More than 800,000 noncitizens and “Dreamers” could vote in New York City municipal elections as early as next year, after Mayor Eric Adams allowed legislation to become law on Sunday.

In December, city legislators passed a measure to allow about 800,000 “green card” holders (permanent US residents) and so-called “dreamers” (children granted temporary US residency after being brought to the country undocumented as children) to vote in municipal elections.

“I believe that New Yorkers should have a say in their government, which is why I have and will continue to support this important legislation,” Adams said in a statement Saturday.

“While I initially had some concerns about one aspect of the bill, I had a productive dialogue with my colleagues in government that put those concerns at ease.

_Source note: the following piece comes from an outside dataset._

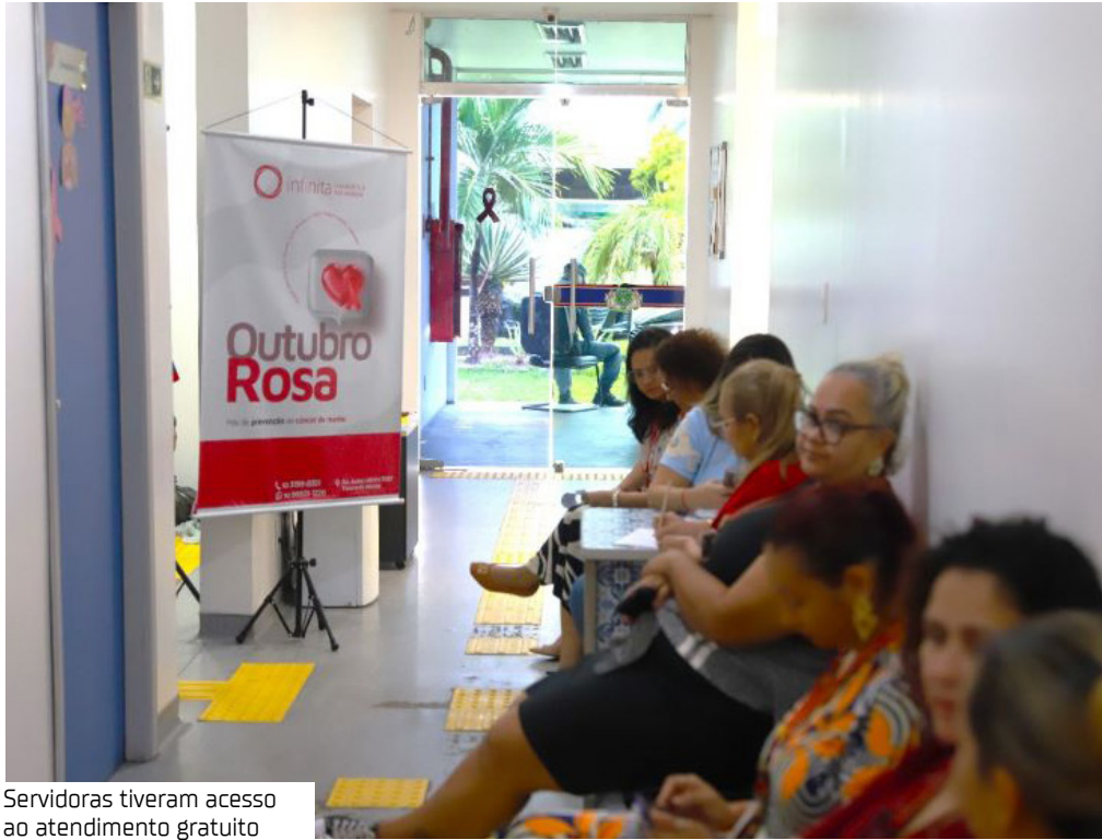
Servidoras tiveram acesso ao atendimento gratuito

I believe allowing the legislation to be enacted is by far the best choice, and look forward to bringing millions more into the democratic process,” Adams continued.

Unless a judge halts its implementation, New York is the first major US city to grant widespread municipal voting rights to non-citizens.

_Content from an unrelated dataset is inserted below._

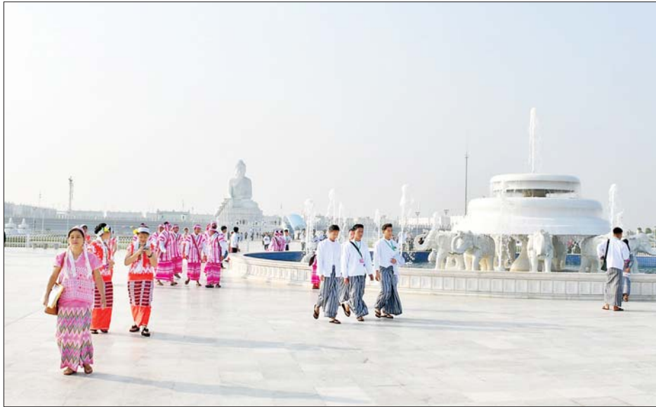
ဘုရားကြီး တည်ထားကိုးကွယ်ပူဇော်ရခြင်း ရည်ရွယ်ချက်၊ ရုပ်ပွားတော်မြတ်ကြီးအား လုပ်ငန်းစဉ်

ဦးစွာ တိုင်းရင်းသားရိုးရာယဉ်ကျေးမှုအက အဖွဲ့များသည် ပြည်ထောင်စုနယ်မြေ နေပြည်တော် ဒက္ခိဏသီရိမြို့နယ်ရှိ ဗုဒ္ဓဥယျာဉ်ဝတ္ထုကံတော်တွင် တည်ထားပူဇော်ထားသည့် ကမ္ဘာပေါ်ရှိ ထိုင်တော်မူ ကျောက်ဆစ် ဗုဒ္ဓရုပ်ပွားတော်များအနက် ဉာဏ်တော် အမြင့်ဆုံးဖြစ်သည့် မာရဝိဇယဗုဒ္ဓရုပ်ပွားတော် မြတ်ကြီးအား သွားရောက်ဖူးမြော်ကြည့်ညိကြရာ ရှင်းလင်းဆောင်၌ တာဝန်ရှိသူများက မာရဝိဇယ

More than a dozen communities across the US allow non-citizens to vote in local elections, including 11 towns in Maryland and two in Vermont. Non-citizens cannot vote for president or Congress, or in state elections.

The legislation gives city residents the ability to have more control in the local decisions that directly affect their lives, advocates say.

Meanwhile, last year, Alabama, Colorado, and Florida adopted rules that prevent any attempts to pass similar legislation in cities in their states.

The legislation directs the Board of Elections to draw up an implementation plan by July, including voter registration rules and provisions that would create separate ballots for municipal races to prevent non-citizens from casting ballots in federal and state contests.

Non-citizens would not be allowed to vote until elections in 2023.